Two Standout Skills: Superhuman and Second Brain

The creator highlights two foundational skills that reimagine the development workflow for AI constraints:

1. Superhuman
This skill rearchitects the entire development lifecycle into a dependency-aware, parallelized process. It doesn't just write code; it manages complex tasks like a project manager. Its 7-phase workflow is:

  1. INTAKE: Understand the task.
  2. DECOMPOSE: Break it into a dependency graph (DAG) of sub-tasks.
  3. DISCOVER: Gather necessary context and files.
  4. PLAN: Create an execution strategy.
  5. EXECUTE: Run independent tasks in parallel using sub-agents.
  6. VERIFY: Enforce Test-Driven Development (TDD) at every step with verification loops.
  7. CONVERGE: Integrate results.

It maintains a persistent board.md file that survives across sessions and context resets, acting as a project dashboard.

2. Second Brain
This skill creates a persistent, tag-indexed memory system for your agent. It writes learnings to a ~/.memory/ directory that survives across all projects and sessions. To maintain context efficiency, it enforces a 100-line ceiling per memory file and uses wiki-style links for graph navigation.
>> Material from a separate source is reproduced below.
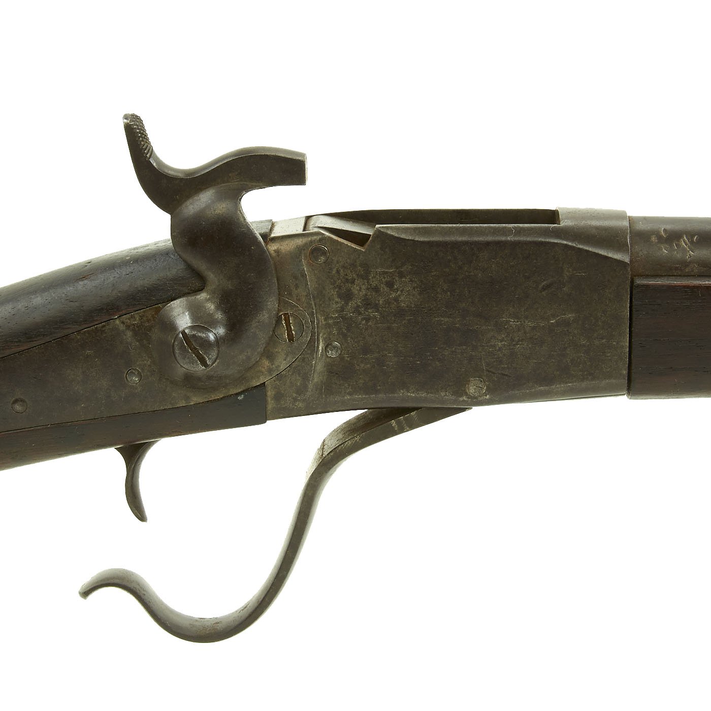 In 1862 Peabody patented a breech-loading rifle but was unable to perfect it in time to play a major role in the American Civil War (1860-1865). His basic design was based upon a pivoting breechblock, the front of which pivoted down on a transverse pin fixed through both the upper rear of the breechblock and the upper rear of the box-like receiver. As the breechblock was lowered, it exposed the barrel chamber and permitted the insertion of a cartridge. The rifle was fired by means of a musket-style outside hammer whose lockwork was inletted into the buttstock behind the receiver.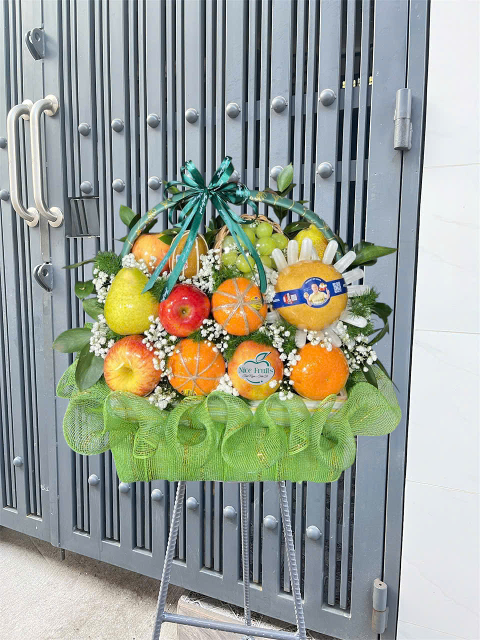 Hình thức bắt mắt: Sự phối hợp màu sắc giữa đỏ (hoa/táo), xanh (nho) và vàng (cam/lê) tạo sức hút thị giác mạnh mẽ, phù hợp trưng bày tại các buổi lễ.

After complex tasks, it auto-proposes new entries for this memory.

Try It Now — Installation and First Steps

Getting started is straightforward using npm/npx:

  1. Install a single skill (e.g., the superhuman workflow):
    npx skills add AbsolutelySkilled/AbsolutelySkilled --skill superhuman
    
  2. Install all 156 skills at once:
    npx skills add AbsolutelySkilled/AbsolutelySkilled -g
    

After installation, the skills will be available in your configured skills directory. When you start Claude Code in a project, it will begin to recognize and utilize the installed skills based on their triggers. Start with a focused skill like react-best-practices or docker-compose for your current work, then explore the superhuman skill for larger, multi-file refactors or feature builds.

Why This Changes Your Workflow

This registry directly tackles the "amnesiac agent" problem. By externalizing expertise into installable, version-controlled skill files, you stop losing time on repetitive explanations. Your team can share a core set of skills, ensuring consistency. The superhuman skill, in particular, introduces a structured, parallelized approach to development that leverages Claude Code's ability to manage multiple threads of thought, potentially cutting down the time for large tasks significantly.

AI Analysis

Claude Code users should immediately view this as a system for creating and sharing persistent team knowledge. Instead of pasting the same architecture notes into every new chat, package them as a skill. Start by installing the `superhuman` skill for your next medium-complexity task (like adding a new API endpoint). Observe how it decomposes the work and manages the `board.md`. This forces a more systematic approach. Next, audit your last week of Claude Code sessions. What conventions did you explain more than once? Package those as your own local `SKILL.md` file using the registry's format as a template. This could be your team's ESLint rules, API response format, or error handling pattern. The goal is to shift from ad-hoc prompting to a library of reusable expertise. Finally, integrate the `second-brain` skill. Let it run for a few days as you work. Periodically review the `~/.memory/` directory it creates. This becomes a searchable knowledge base of lessons learned, which you can then refine into new, more precise skills. This turns Claude Code from a tool that forgets into one that accumulates wisdom.